My friend Viola Larson has written to Carol Hylkema, the moderator of the PCUSA’s Israel Palestine Mission Network, to raise questions regarding the links IPMN has given to Veterans Today and James Wall. Her answer amounts to “ain’t nobody here but us pure-as-the-driven-snow activists”:
Thank you for your letter expressing your concern regarding our network’s endorsement of James Wall and his writings. From where we stand, James Wall is a beacon of light in a place where debate has produced more heat than light.
Mr. Wall’s reference to other writers are his choice, not ours to make. As far as your concern on articles not referenced by James Wall that appear on a website that he has referenced, we feel uncomfortable practicing guilt by association. The Israel Palestine Mission Network never condones anti-Semitism and does not believe that James Wall is anti-Semitic. His record of speaking out against racism and human rights violations in the world speaks for itself and we support his work in this regard.

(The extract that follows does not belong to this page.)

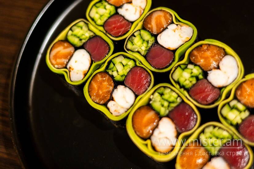 Норі, авокадо, свіжий лосось, тигрова креветка, тунець, огірок.

Hylkema, like Wall himself, tries to play the “guilt by association” card, thinking that that ends the discussion. The problem is that she doesn’t understand what the term means. The issue with Wall isn’t that two odious web sites happen to take blog posts of his and use them for their own purposes. The problem is that he is tightly connected to the sites in question. He’s a contributing writer for My Catbird Seat, and has publicly embraced Veterans Today in his last post, despite the fact that VT’s articles on the Middle East are full of Jewish conspiracy theories, anti-Israel propaganda, and outright anti-Semitism.
If the IPMN actually refused to condone anti-Semitism, it wouldn’t be linking to Veterans Today articles or to the articles by those who embrace it. But I’m not going to hold my breath waiting for anyone from IPMN to recognize that.
December 3, 2010 at 1:43 am
David, I put this on my comment section and then thought I should put it here:
I have a question relating to what you quoted from on your comment section. It was the extra by the awful anti-Semite:
This:
“I have proposed the basic framework of the solution, which is the elimination of the rabbinical class and its entire support system, both Jewish and Gentile. Almost anything is possible but first it has to be proposed.”
Couldn’t one make the case that this is a death threat to a whole group of people and therefore VT should not be allowed on the internet?
December 3, 2010 at 8:11 am
The reason Hylkema hides behind banal euphemisms to defend the indefensible is because she sympathizes with the unforgivable. These people are anti-Semites. It’s not complicated.
December 3, 2010 at 8:51 am
Viola: That’s an interesting question. It would revolve around the meaning of the word “elimination,” which is just ambiguous enough so that the author could say he was speaking of putting an end to their influence, not physical death. But I do think it’s something that someone (Homeland Security, perhaps?) might find worth looking into. It might not shut down the site, but it might make life a bit more difficult for Campbell, who is clearly a neo-Nazi.